Barry and several of the remaining men of 27 Line Section were still In Chungkai Camp at the end of 1944. Barry was still involved with the theatre at this time. He recalls:
Towards Christmas 1944 I was back in the theatre with Leo Britt’s company… At Christmas itself with the help of Gibby Inglefield, who had been a choral scholar at St. John’s Cambridge, the stage carpenters built a set of choir stalls, which were set diagonally on the stage and lit from the front so that they seemed to disappear into the darkness of a chapel.
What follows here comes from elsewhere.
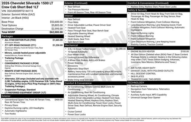 Discover the new Chevrolet Silverado 1500 at Salt Lake Valley Chevrolet in Salt Lake City! With bold design, modern technology, and reliable performance, Chevrolet makes every drive exciting. Whether itâs city streets or canyon roads, the Silverado 1500 is ready for anything. Call us today at 801-969-8221 to schedule a time to see it! --- 2026 Chevrolet Silverado 1500 Summit White 3.0L I6 --- Final price excludes tax, tag, title, documentation fees, dealer-installed options, and any market-based pricing adjustments. Financing through GM Financial is required for all discounts to apply. Special finance offers may not be combined with certain factory incentives. While we strive for accuracy, errors may occur please verify all information with a sales representative. For the most accurate pricing, call (801) 969-8221 or visit us in person. Prices and payments are subject to change based on manufacturer incentives. - Price includes - $1000 - Chevrolet Trade Assistance Bonus Cash Program $1750 - GM Bonus Cash $2500 - Chevrolet Consumer Cash Program - Price includes $1,000 Down Payment Assistance. Must Finance with GM Financial - Price includes $1,500 trade in allowance program for customers that own a 2018 or newer passenger car or truck with less than 80,000 miles and trade in their vehicle towards the purchase of a new 2024-2025 Chevrolet. Some restrictions may apply. Contact dealer for details

On the night, one night only, the choir was placed in these stalls hidden behind a mosquito netting gauze curtain. A radio announcer with a microphone in his hand stood alone in front of the curtain and told the audience that a radio broadcast of carols from King’s College [Barry’s old college] would now be presented. The gauze curtain was raised just like a pantomime transformation scene and disclosed a group of choristers in white surplices lit up by our two Tilly lamps and little oil lamps disguised as candles, in a row of stalls which really did appear to stretch away into a dark interior. Members of the audience told me that the illusion of the interior of a College chapel had been very convincing and nostalgic.
All the men, captives and captors, never mind their religion or lack of it, were profoundly moved by this.
Voices from the past…
It’s amazing how music can be so uplifting 😉
I think in these circumstances music played a crucial part in persuading men that life was worth hanging on to.